-- Data records --

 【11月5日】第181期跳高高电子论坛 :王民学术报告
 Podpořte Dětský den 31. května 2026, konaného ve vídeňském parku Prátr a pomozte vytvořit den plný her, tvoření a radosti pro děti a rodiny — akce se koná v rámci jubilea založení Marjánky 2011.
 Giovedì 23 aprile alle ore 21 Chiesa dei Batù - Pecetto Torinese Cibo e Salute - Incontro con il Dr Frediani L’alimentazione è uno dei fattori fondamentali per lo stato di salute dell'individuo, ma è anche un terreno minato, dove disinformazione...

==

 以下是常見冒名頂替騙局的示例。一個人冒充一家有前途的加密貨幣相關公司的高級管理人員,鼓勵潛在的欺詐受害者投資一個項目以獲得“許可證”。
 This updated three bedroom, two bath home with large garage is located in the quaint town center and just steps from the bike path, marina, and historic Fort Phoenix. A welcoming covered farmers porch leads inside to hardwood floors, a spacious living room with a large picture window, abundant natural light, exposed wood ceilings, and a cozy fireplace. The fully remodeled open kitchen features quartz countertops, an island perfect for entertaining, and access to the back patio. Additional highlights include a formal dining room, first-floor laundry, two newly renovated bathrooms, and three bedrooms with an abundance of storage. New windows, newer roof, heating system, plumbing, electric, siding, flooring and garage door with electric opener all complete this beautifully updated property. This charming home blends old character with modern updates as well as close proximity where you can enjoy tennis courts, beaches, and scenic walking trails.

-- What you need to do --
The required output is every line above from the one with "以下是常見冒名頂替騙局的示例" down to the one with "This updated three", restated word for word, ends included.

-- Expected answer --
 以下是常見冒名頂替騙局的示例。一個人冒充一家有前途的加密貨幣相關公司的高級管理人員,鼓勵潛在的欺詐受害者投資一個項目以獲得“許可證”。
 This updated three bedroom, two bath home with large garage is located in the quaint town center and just steps from the bike path, marina, and historic Fort Phoenix. A welcoming covered farmers porch leads inside to hardwood floors, a spacious living room with a large picture window, abundant natural light, exposed wood ceilings, and a cozy fireplace. The fully remodeled open kitchen features quartz countertops, an island perfect for entertaining, and access to the back patio. Additional highlights include a formal dining room, first-floor laundry, two newly renovated bathrooms, and three bedrooms with an abundance of storage. New windows, newer roof, heating system, plumbing, electric, siding, flooring and garage door with electric opener all complete this beautifully updated property. This charming home blends old character with modern updates as well as close proximity where you can enjoy tennis courts, beaches, and scenic walking trails.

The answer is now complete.